What do you do with flavoured oils? They make great additions to salad dressings, and are excellent as dipping oils. But you can do more with them. Below are some of the things I’ve tried and am planning.

Garlic

The garlic oil is pungent and fills the room with a wonderful garlic scent. It has the depth of garlic without of the lingering bite of raw cloves. It’s a natural addition to dips, perfect on focaccia, or to finish off a pizza. Add a tablespoon to couscous, or paint onto crostini before heaping with chopped tomatoes for fast, great-tasting bruschetta. It also adds flavour to savoury pancake or Yorkshire pudding batter, and richness to farinata. You don’t need much of this to add a comforting garlic flavour to stews, soups or dips.

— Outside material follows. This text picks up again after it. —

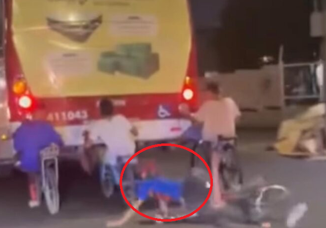 MANAUS (AM) – Adolescentes resolveram brincar de “pegar carona” com um ônibus em plena avenida Grande Circular, na Zona Leste de Manaus, e um deles acabou caindo de cabeça. Os quatro estavam com motocicletas.

I’ve got plans to use it in a vegan version of my favourite onion flan, both in the oil-based pastry and in the gram flour egg replacement.

Lemon

My first experience of the lemon oil was drizzled over mozzarella on baguette. It was lovely and just raised the sandwich to another level. The lemon oil has a clean, strong lemon flavour, somewhat rounded by the oil itself. It’s zesty, but not sour.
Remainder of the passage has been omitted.